As shown in Figure 25, compared with sp3 content of DLC films shown in Figure 24, the residual stress of DLC films is the largest when it has the largest sp3 content. There may be more significant factors on this behavior of residual stress of a DLC film, such as deposition mechanisms of the film; however, in this section it can only be compared with the behavior of sp3 content of the film. To obtain the highest value of sp3 content of DLC films deposited by PLD technique, higher laser power and lower substrate temperature are required experimental conditions.

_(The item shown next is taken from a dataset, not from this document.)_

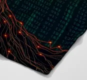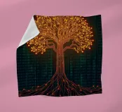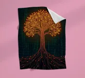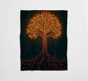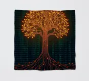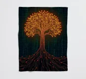 An entrancing, neon-lit depiction of a tree where every branch and leaf is a glowing circuit board. Its intricate, sprawling roots connect to a dark, stylized soil, while the background is filled with streams of cascading green binary code, blending nature with technology. This piece masterfully symbolizes the intertwined relationship between organic life and the digital world, perfect for anyone who appreciates the aesthetics of technology, cyberpunk, or abstract art.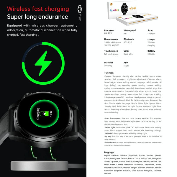 14. APP/Watch language: English (default), Chinese (Simplified), Turkish, Russian, Spanish, Italian, Portuguese, German, French, Dutch, Polish, Czech, Hungarian, Slovak, Japanese, Danish, Finnish, Norwegian, Swedish, Serbian, Thai, Hindi, Greek, Chinese (Traditional), Lithuanian, Vietnamese, Arabic, Indonesian, Ukrainian, Hebrew, Bengali, Estonian, Slovenian, Persian, Romanian, Bulgarian, Croatian, Urdu, Malay, Javanese, Marathi.

Because only a 355 nm beam is used in this thesis, the wavelength effect on the sp3 content is currently unknown. The compressive residual stresses behave similarly with the sp3 content, but the adhesion properties behave oppositely with the sp3 content. When the sp3 content is high, the bond strength is weak and the compressive residual stress is large.

From the results, higher sp3 content causes greater compressive residual stress within DLC films and this will be one of the main reasons for bad adhesion of DLC films. Ki, “Pulsed laser deposition of functional gradient diamond-like carbon (DLC) films using a 355 nm picosecond laser,” Acta Materialia , vol. Kapat, “Characterization of pulsed laser-deposited diamond-like carbon films,” Surface & Coatings Technology, vol.

Hong, “Interfacial studies for improving the adhesion of diamond-like carbon films on steel,” Applied Surface Science , vol. Leu, “Reduced roughness and improved mechanical properties of multilayer diamond-like carbon films by periodic arc deposition,” Journal of the Electrochemical Society , vol.

Figure 23. An example of XPS spectrum (Raw) and three deconvoluted peaks.